食品化学科日誌

化学を利用した食品加工

今日は、食品加工化学を合わせた内容の実習を行いました。

 

テーマは「ミカンのシラップ漬け」みなさんも馴染み深いのでは??

 

スーパーやコンビニ、100円ショップでも購入できる程、身近な缶詰で価格もお手頃。それでいて筋の1つも残さず綺麗に剥かれている。すごいですよね♪


この薄い皮のことをじょうのう膜と言います。
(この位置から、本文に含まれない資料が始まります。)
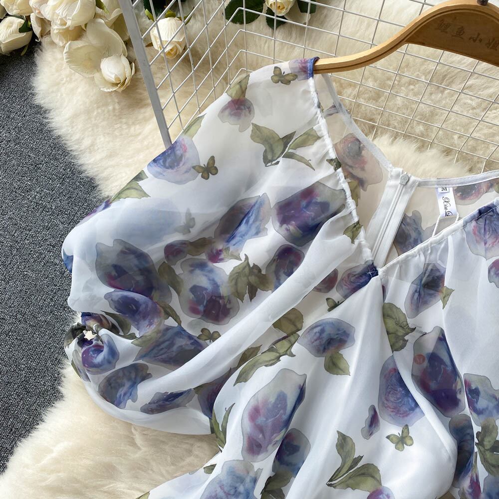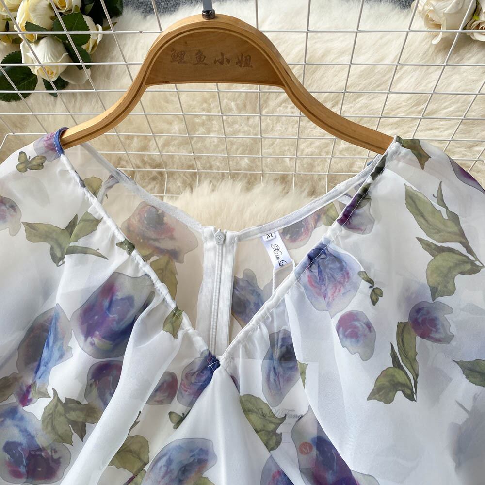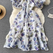 ヨーロッパグッズラージバージョンエイジングパフスリーブワンピースサマーウィメンズデザインセンスニッチプリントミドル丈フィッシュテールスカートトレンディ 夏物 ヨーロピアン lyxaj30575463227

手でむいたことのある人なら、どれほどむきにくいかわかりますよね。 

でも、「どうやってこんなに綺麗にむいているんだろう?」と疑問に思ったことはありませんか?

 

きっと日本の製品なら一つひとつ人の手で…

 

…なんて考えていませんか?

 

もちろんその方法でも可能です。

 

ただ、手作業でおこなうということは、その作業をする人にお給料(人件費)が発生します。

 

今の日本で、しかも手作業でミカンの缶詰をつくったりしたら、1缶1000円超え…なんて商品になってしまいます。

 

ではどうやって綺麗にむいているのか?

 

答えは今回の実習でも使用した「塩酸水酸化ナトリウム」という薬品を使いう酸-アルカリ併用法と言う方法です。酸には塩酸を、アルカリには水酸化ナトリウムを使います。

 

薬品と言っても、理科や化学の授業で使う実験用の塩酸や水酸化ナトリウムではなく、食品衛生法で定められている指定添加物としての塩酸と水酸化ナトリウムを利用します

 

実際にミカンのじょうのう膜を除去していきましょう♪

 

これからの作業は必ず酸、アルカリに腐食されない道具を使います。

絶対に金属製の鍋やボウルは使わないでください。

 

まずはミカンの外皮をむき、房を分け0.6%塩酸を30℃に加温して20分作用させます。時々優しく混ぜます。

すると


これが酸処理前

 


これが酸処理後

 
少しふやけた状態になります。


じょうのう膜は「ペクチン質」や「繊維質」からできていて、水に不溶なものが多く含まれています。そこへ塩酸を作用させることで加水分解され、水に溶けられる状態に変化します。

酸処理中はだんだんと溶けたじょうのう膜が液の中に浮いてきたのがこの状態です。

 

酸処理しただけでも十分綺麗なのですが、一度水洗いし、次は0.3%水酸化ナトリウム水溶液で30℃15分処理します。

 

アルカリ処理前

 

アルカリ処理後

 

この処理によって、アルカリに溶ける繊維質のセルロースが除かれて、ミカンの房が綺麗になりました。

 

この後、流水中で1時間程水洗いをして、ミカンに付着した水酸化ナトリウムを洗い流して見たことのある缶詰のミカンができあがりです。


最後に56%の糖液(シラップ)につけ込んで2週間ほどつけ込みます。

実は、ミカンに限らず果物のシラップ漬けはできたては美味しくないのです。

漬け込み始めは糖度にばらつきがありますが、時間が経つにつれ味がなじんでくる(糖度平衡)ため、少し置いた方がおいしく仕上がります。